X-ray is primarily used to detect defects in ultra-fine pitch and ultra-high density circuit boards, as well as defects such as bridging, missing chips, and misalignment that occur during the assembly process. It can also use tomography to detect internal defects in IC chips. It is the only method for testing ball grid arrays and solder ball bond quality. Its main advantage is that it can inspect BGA solder quality and embedded components without the expense of fixtures.
6. Laser Inspection
This is the latest development in PCB testing technology. It scans the printed circuit board with a laser beam, collects all measurement data, and compares the actual values with preset acceptance limits. This technology has been proven on bare boards and is being considered for testing assembled boards. Its speed is sufficient for mass production lines. Its main advantages are fast output, the absence of fixtures, and unobstructed visual access. Its main disadvantages are high initial cost and maintenance and usage issues.
7. Burn-in Testing
Burn-in testing is the process of conducting intensive testing under conditions that simulate the various factors encountered in real-world use, causing product aging. The purpose is to test the stability and reliability of the product under specific conditions.

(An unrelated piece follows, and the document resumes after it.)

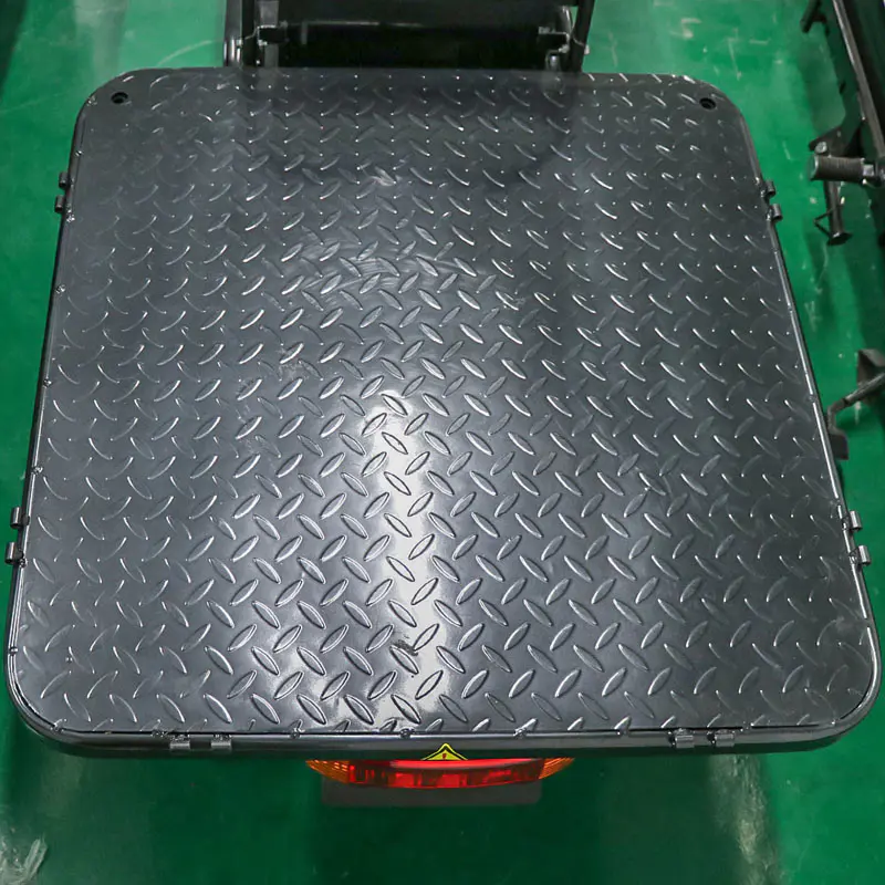 Max Speed can reach 60kmh with 100km range. Its 12 inch vacuum tire, can support a stable running performance. Front disc brake, rear drum brake,make sure a shorter brake distance. If you still worry about the loading ability, the large size of pallet and strong frame, make sure load 800kg cargo easily.

Based on design requirements, the product is placed under specific temperature and humidity conditions for 72 hours to 7 days of simulated operation. Performance data is recorded and used to reverse engineer improvements during the production process to ensure that performance meets market demand. Burn-in testing typically refers to electrical performance testing. Similar tests include drop testing, vibration testing, and salt spray testing.

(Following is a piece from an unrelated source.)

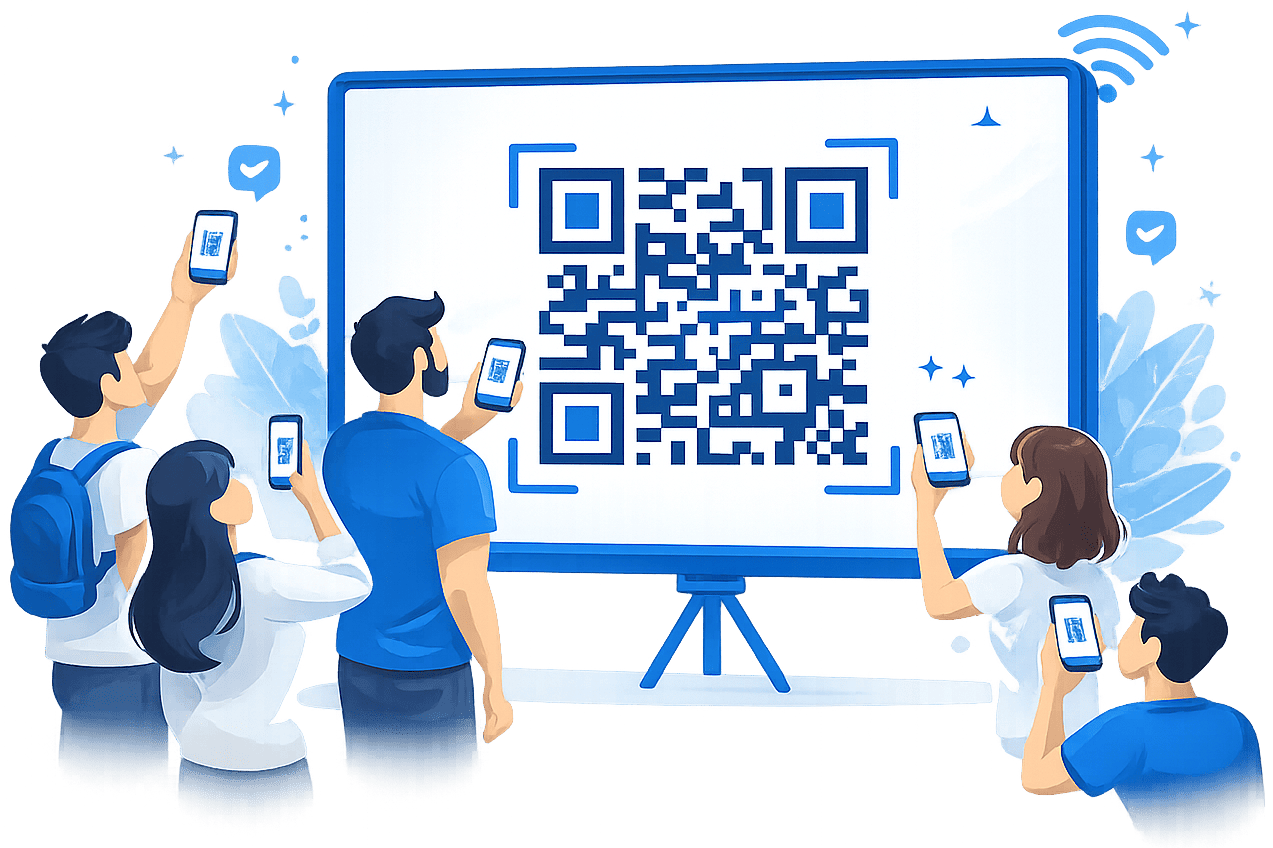 Exiba o QR CodeProjete o QR Code dinâmico em uma tela. Ele se renova automaticamente, impedindo compartilhamento.

In addition to the seven tests mentioned above, other testing methods may be used to further ensure PCB quality based on product requirements. As follows:
8. Solderability Testing
Ensures a strong surface and increases the chances of forming reliable solder joints
9. PCB Contamination Testing
Detects large amounts of ions that can contaminate the board, causing corrosion and other problems
10. Microsection Analysis
Investigates defects, opens, shorts, and other faults
11. Time Domain Reflectometry (TDR)
Discovers faults in high-frequency boards
12. Peel Testing
Determines the strength required to peel the laminate from the board
13. Solder Float Testing
Determines the level of thermal stress a PCB hole can withstand
PCBA testing is an essential process that, if done correctly, can prevent quality issues that can damage your brand when your product reaches market.